─── Exercise material

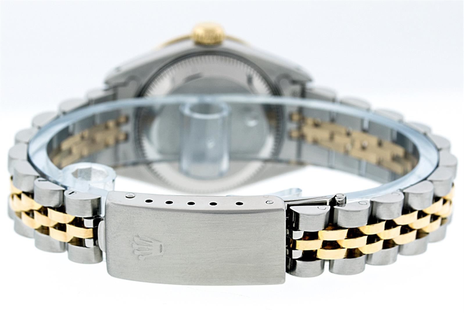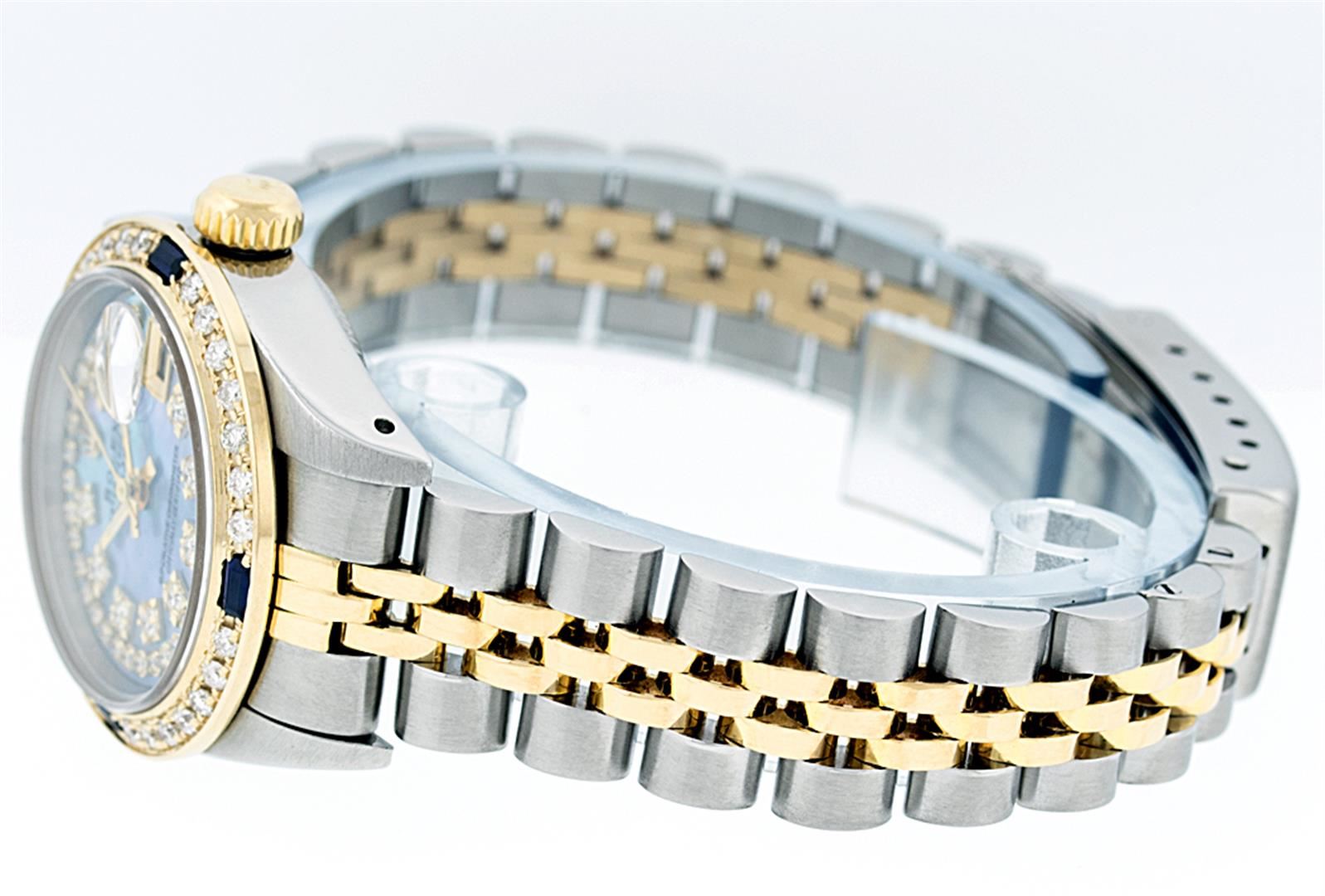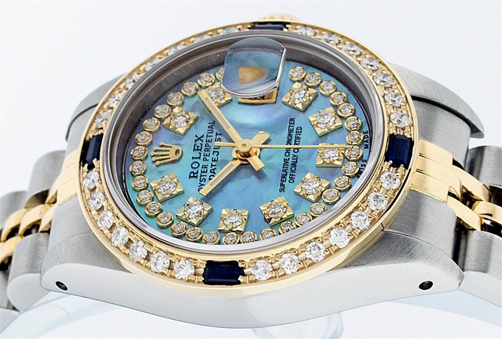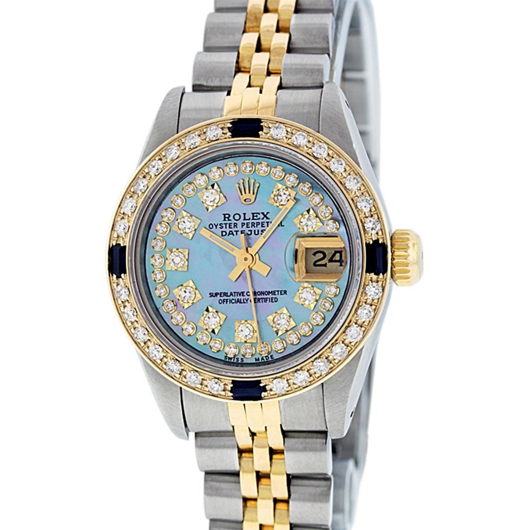 One Ladies Rolex Datejust Polished Bright with Satin Finish, Serviced & Electronically Tested, Stainless Steel Case:26mm, Yellow Gold Crown. Custom Bezel: 18K Yellow Gold Sapphire Beadset Bezel, Diamond Count: 28 Diamonds + 4 Sapphires, Total Weight 1.00 Carat, Clarity: SI-VS, Color: G to H. Custom Crystal: Synthetic Sapphire Cyclops Lens. Movement: Automatic Winding Movement Caliber 2135. Custom Dial: Refinished Blue MOP String Diamond Dial, Diamond Count: 43 Diamonds in Dial G To H In Color, Clarity: VS. Date Window: 3 O'Clock Position Date Display, Quickset, Model: Datejust Condition: G-6 Extra Fine. Bracelet: 18K Yellow Gold & Stainless Steel Jubilee. Bright Polish & Satin Finish. 6.0Inch Length, Adjustable. Standard Clasp, With Rolex Logo.
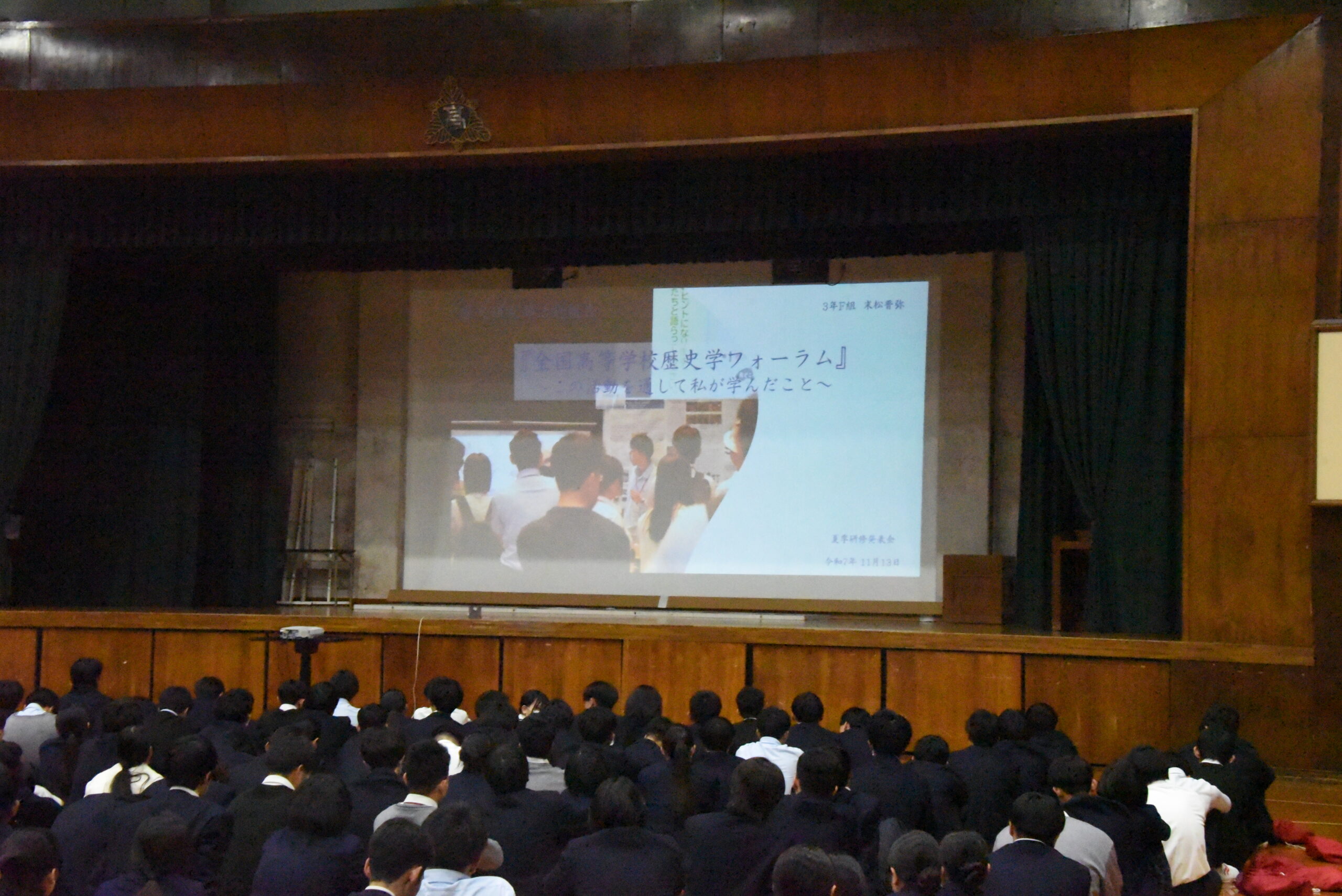 地域の歴史を調査・発表する活動を紹介。自らの足で調べ、まとめ上げた成果を堂々と発表しました。
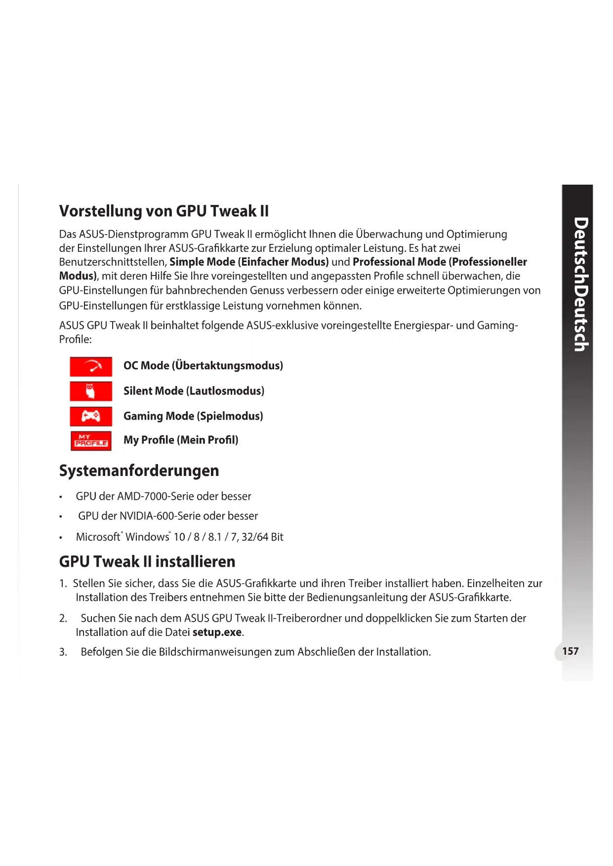 Ярлики клавіатури Увімкнути/вимкнутиЯрликиКлавіатури,щобшвидкопоказувтаиголовнийекранішвидковносити певні корективи. Налаштування ярликів клавіатури157 DeutschDeutsch Vorstellung von GPU Tweak II Das ASUS-Dienstprogramm GPU Tweak II ermöglicht Ihnen die Überwachung und Optimierung der Einstellungen Ihrer ASUS-Grakkarte zur Erzielung optimaler Leistung. Es hat zwei Benutzerschnittstellen, Simple Mode (Einfacher Modus) und Professional Mode (Professioneller Modus), mit deren Hilfe Sie Ihre voreingestellten und angepassten Prole schnell überwachen, die GPU-Einstellungen für bahnbrechenden Genuss verbessern oder einige erweiterte Optimierungen von GPU-Einstellungen für erstklassige Leistung vornehmen können. ASUS GPU Tweak II beinhaltet folgende ASUS-exklusive voreingestellte Energiespar- und Gaming- Prole: OC Mode (Übertaktungsmodus) Silent Mode (Lautlosmodus) Gaming Mode (Spielmodus) My Prole (Mein Prol) Systemanforderungen
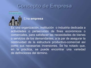 La administración proporciona normas y procesos para el buen funcionamiento de una empresa. Sin administración, una empresa no puede controlar inventarios, obtener objetivos o ganancias. La calidad total es una filosofía de mejora continua en todas las áreas de una organización para lograr calidad óptima, según la definición del profesor Ishikawa. Para ser competitiva a largo plazo, una empresa debe adoptar una estrategia de calidad total que garantice la satisfacción de clientes y elimine desperdicios mediante la participación de todo el personal.
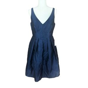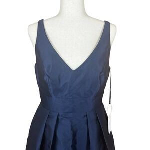 ALFRED SUNG MIDNIGHT BLUE V- NECK SATIN COCKTAIL DRESS SIZE 8 NWT
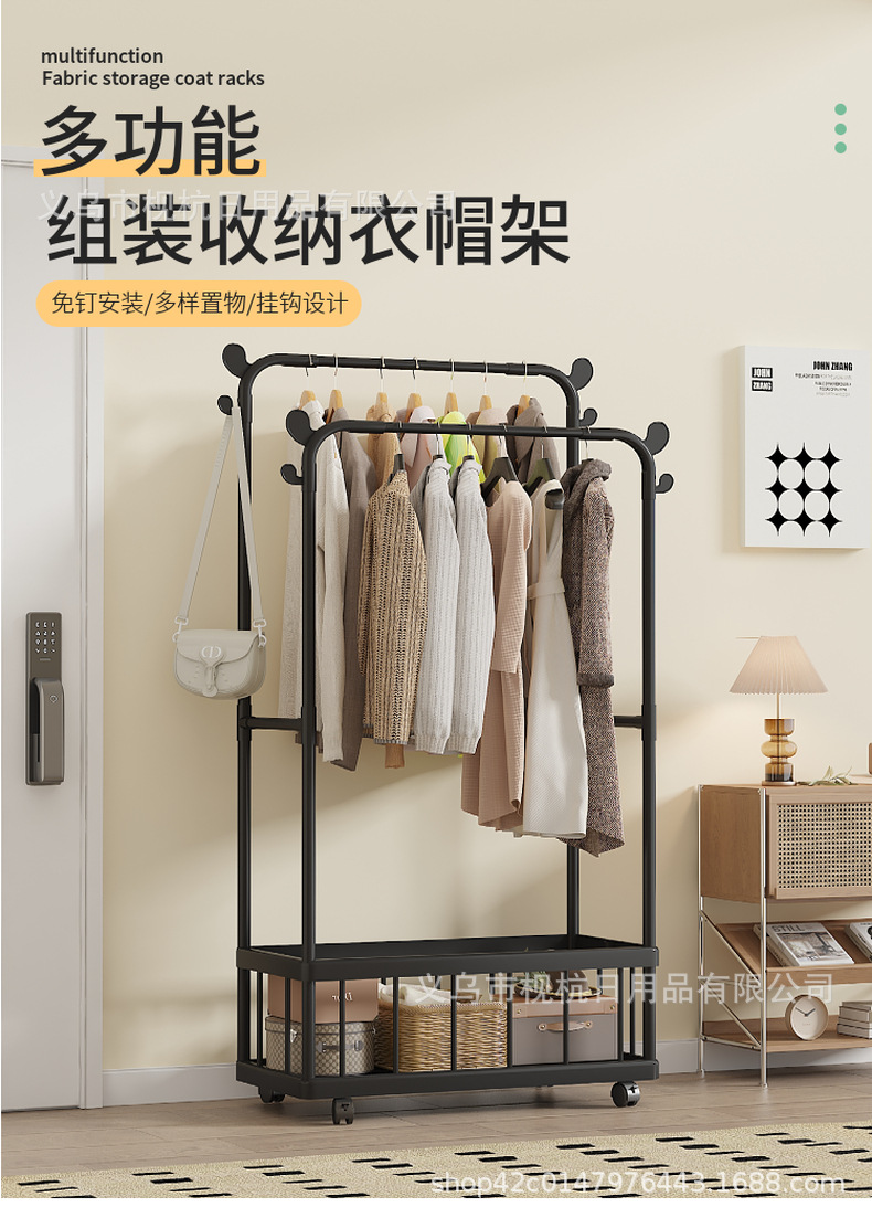 Легкий роскошный вешалка для одежды, современный металлический, простой, напольный, с колесами, съемный, для хранения одежды дома
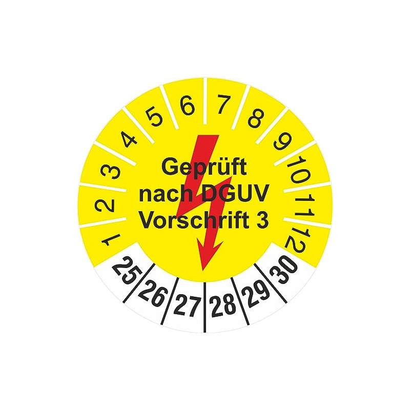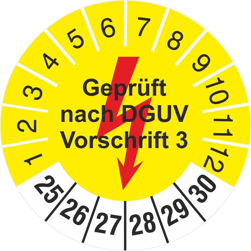 Test labels tested according to DGUV regulation 3. The test badges are permanent adhesive and have a good adhesion on dust-free smooth surfaces. Matching basic badges and pens for writing on can also be found in our shop.

──────

> _Your instructions_
Write out exactly, and nothing more than, the lines of the entries above from the line containing "La administración proporciona" through the final line; omit any pictures.

> _Answer section_
 La administración proporciona normas y procesos para el buen funcionamiento de una empresa. Sin administración, una empresa no puede controlar inventarios, obtener objetivos o ganancias. La calidad total es una filosofía de mejora continua en todas las áreas de una organización para lograr calidad óptima, según la definición del profesor Ishikawa. Para ser competitiva a largo plazo, una empresa debe adoptar una estrategia de calidad total que garantice la satisfacción de clientes y elimine desperdicios mediante la participación de todo el personal.
 ALFRED SUNG MIDNIGHT BLUE V- NECK SATIN COCKTAIL DRESS SIZE 8 NWT
 Легкий роскошный вешалка для одежды, современный металлический, простой, напольный, с колесами, съемный, для хранения одежды дома
 Test labels tested according to DGUV regulation 3. The test badges are permanent adhesive and have a good adhesion on dust-free smooth surfaces. Matching basic badges and pens for writing on can also be found in our shop.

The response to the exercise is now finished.